▸ What this task involves
Two lines in the data below mark the range: the one with "2025년 1월 부가가치세" and the one with "Regarding the fiscal". Return both, along with every line between them, exactly.

▸ Extracted information
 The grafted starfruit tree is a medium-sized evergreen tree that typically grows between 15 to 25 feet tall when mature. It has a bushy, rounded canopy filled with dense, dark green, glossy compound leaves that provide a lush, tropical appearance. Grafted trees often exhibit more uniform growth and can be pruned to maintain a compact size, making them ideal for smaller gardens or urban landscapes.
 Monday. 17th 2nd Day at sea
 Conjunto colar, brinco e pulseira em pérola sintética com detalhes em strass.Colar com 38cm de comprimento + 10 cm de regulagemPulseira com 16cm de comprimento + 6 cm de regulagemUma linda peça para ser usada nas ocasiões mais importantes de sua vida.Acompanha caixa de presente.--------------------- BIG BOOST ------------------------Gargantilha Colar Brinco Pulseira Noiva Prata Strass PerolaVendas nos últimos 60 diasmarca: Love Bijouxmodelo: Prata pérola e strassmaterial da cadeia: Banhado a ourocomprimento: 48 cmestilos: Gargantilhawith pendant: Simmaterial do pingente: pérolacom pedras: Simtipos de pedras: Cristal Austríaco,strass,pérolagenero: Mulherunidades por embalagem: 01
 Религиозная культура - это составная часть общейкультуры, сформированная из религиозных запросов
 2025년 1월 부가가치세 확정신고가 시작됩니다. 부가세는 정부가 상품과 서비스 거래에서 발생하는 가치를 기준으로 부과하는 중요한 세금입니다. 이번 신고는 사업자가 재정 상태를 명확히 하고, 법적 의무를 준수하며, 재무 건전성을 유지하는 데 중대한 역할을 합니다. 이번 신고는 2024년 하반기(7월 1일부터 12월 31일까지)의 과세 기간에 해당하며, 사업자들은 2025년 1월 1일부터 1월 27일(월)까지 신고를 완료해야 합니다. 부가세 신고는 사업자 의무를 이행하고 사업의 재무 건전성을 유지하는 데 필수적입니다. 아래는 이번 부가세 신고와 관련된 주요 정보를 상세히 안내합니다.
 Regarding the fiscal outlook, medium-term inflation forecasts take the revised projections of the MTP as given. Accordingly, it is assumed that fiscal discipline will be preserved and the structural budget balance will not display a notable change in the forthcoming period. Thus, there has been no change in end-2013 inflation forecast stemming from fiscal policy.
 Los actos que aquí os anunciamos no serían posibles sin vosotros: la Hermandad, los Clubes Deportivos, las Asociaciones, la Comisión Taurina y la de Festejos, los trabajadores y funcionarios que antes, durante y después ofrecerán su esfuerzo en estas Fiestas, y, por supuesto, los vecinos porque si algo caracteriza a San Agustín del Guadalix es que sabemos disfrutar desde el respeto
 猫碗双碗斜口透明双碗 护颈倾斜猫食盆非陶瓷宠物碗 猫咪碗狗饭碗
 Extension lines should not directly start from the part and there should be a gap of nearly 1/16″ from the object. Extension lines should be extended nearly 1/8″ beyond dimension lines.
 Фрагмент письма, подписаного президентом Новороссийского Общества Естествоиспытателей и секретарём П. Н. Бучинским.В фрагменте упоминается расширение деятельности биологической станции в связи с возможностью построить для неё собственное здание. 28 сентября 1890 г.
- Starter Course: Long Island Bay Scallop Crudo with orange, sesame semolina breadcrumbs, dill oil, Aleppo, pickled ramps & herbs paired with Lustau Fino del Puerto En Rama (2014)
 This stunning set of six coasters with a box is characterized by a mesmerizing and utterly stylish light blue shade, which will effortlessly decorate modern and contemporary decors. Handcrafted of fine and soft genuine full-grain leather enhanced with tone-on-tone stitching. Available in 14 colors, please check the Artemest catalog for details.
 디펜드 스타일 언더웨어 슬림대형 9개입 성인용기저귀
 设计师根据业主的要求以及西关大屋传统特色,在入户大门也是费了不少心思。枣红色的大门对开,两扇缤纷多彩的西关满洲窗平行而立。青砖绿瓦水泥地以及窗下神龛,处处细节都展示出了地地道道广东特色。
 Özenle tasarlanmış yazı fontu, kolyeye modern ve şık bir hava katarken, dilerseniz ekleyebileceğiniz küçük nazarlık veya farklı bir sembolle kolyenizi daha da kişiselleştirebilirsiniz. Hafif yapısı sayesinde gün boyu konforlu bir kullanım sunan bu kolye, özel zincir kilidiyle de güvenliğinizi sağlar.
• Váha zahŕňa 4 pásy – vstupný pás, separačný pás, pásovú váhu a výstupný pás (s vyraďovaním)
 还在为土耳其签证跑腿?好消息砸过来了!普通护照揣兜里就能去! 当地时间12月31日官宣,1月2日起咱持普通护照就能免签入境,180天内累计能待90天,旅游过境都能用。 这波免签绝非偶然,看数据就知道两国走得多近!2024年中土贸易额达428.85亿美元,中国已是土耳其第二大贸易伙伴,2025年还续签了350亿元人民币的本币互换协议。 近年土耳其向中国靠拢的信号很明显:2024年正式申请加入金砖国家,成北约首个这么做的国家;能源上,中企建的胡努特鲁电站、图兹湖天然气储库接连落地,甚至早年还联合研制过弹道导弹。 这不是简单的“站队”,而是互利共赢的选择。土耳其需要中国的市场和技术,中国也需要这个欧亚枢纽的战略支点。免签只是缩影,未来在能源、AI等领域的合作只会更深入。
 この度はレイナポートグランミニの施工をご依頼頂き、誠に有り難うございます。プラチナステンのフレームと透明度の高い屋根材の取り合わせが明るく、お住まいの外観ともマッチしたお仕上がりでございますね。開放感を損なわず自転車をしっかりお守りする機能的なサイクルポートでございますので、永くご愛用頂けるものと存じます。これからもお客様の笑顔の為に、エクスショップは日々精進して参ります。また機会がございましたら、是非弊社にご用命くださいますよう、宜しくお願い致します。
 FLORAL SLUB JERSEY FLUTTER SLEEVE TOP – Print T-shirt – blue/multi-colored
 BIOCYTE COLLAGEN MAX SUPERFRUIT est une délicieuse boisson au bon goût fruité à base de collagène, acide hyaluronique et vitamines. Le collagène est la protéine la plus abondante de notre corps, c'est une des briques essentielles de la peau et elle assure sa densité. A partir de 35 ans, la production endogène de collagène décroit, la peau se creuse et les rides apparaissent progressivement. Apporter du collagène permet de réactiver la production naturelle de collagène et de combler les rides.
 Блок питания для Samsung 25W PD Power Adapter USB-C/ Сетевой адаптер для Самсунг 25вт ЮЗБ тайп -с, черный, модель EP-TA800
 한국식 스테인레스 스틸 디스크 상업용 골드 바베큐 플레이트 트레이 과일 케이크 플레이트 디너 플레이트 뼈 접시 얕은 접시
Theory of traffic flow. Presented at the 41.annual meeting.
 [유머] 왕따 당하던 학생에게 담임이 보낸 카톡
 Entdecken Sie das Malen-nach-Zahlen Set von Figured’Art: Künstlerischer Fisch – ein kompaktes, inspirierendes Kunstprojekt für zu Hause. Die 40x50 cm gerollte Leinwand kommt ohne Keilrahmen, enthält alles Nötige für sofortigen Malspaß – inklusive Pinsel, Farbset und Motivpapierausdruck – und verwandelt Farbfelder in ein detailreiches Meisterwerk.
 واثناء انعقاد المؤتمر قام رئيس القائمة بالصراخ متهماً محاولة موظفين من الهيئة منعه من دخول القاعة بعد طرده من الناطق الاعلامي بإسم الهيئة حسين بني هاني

▸ Written answer
 2025년 1월 부가가치세 확정신고가 시작됩니다. 부가세는 정부가 상품과 서비스 거래에서 발생하는 가치를 기준으로 부과하는 중요한 세금입니다. 이번 신고는 사업자가 재정 상태를 명확히 하고, 법적 의무를 준수하며, 재무 건전성을 유지하는 데 중대한 역할을 합니다. 이번 신고는 2024년 하반기(7월 1일부터 12월 31일까지)의 과세 기간에 해당하며, 사업자들은 2025년 1월 1일부터 1월 27일(월)까지 신고를 완료해야 합니다. 부가세 신고는 사업자 의무를 이행하고 사업의 재무 건전성을 유지하는 데 필수적입니다. 아래는 이번 부가세 신고와 관련된 주요 정보를 상세히 안내합니다.
 Regarding the fiscal outlook, medium-term inflation forecasts take the revised projections of the MTP as given. Accordingly, it is assumed that fiscal discipline will be preserved and the structural budget balance will not display a notable change in the forthcoming period. Thus, there has been no change in end-2013 inflation forecast stemming from fiscal policy.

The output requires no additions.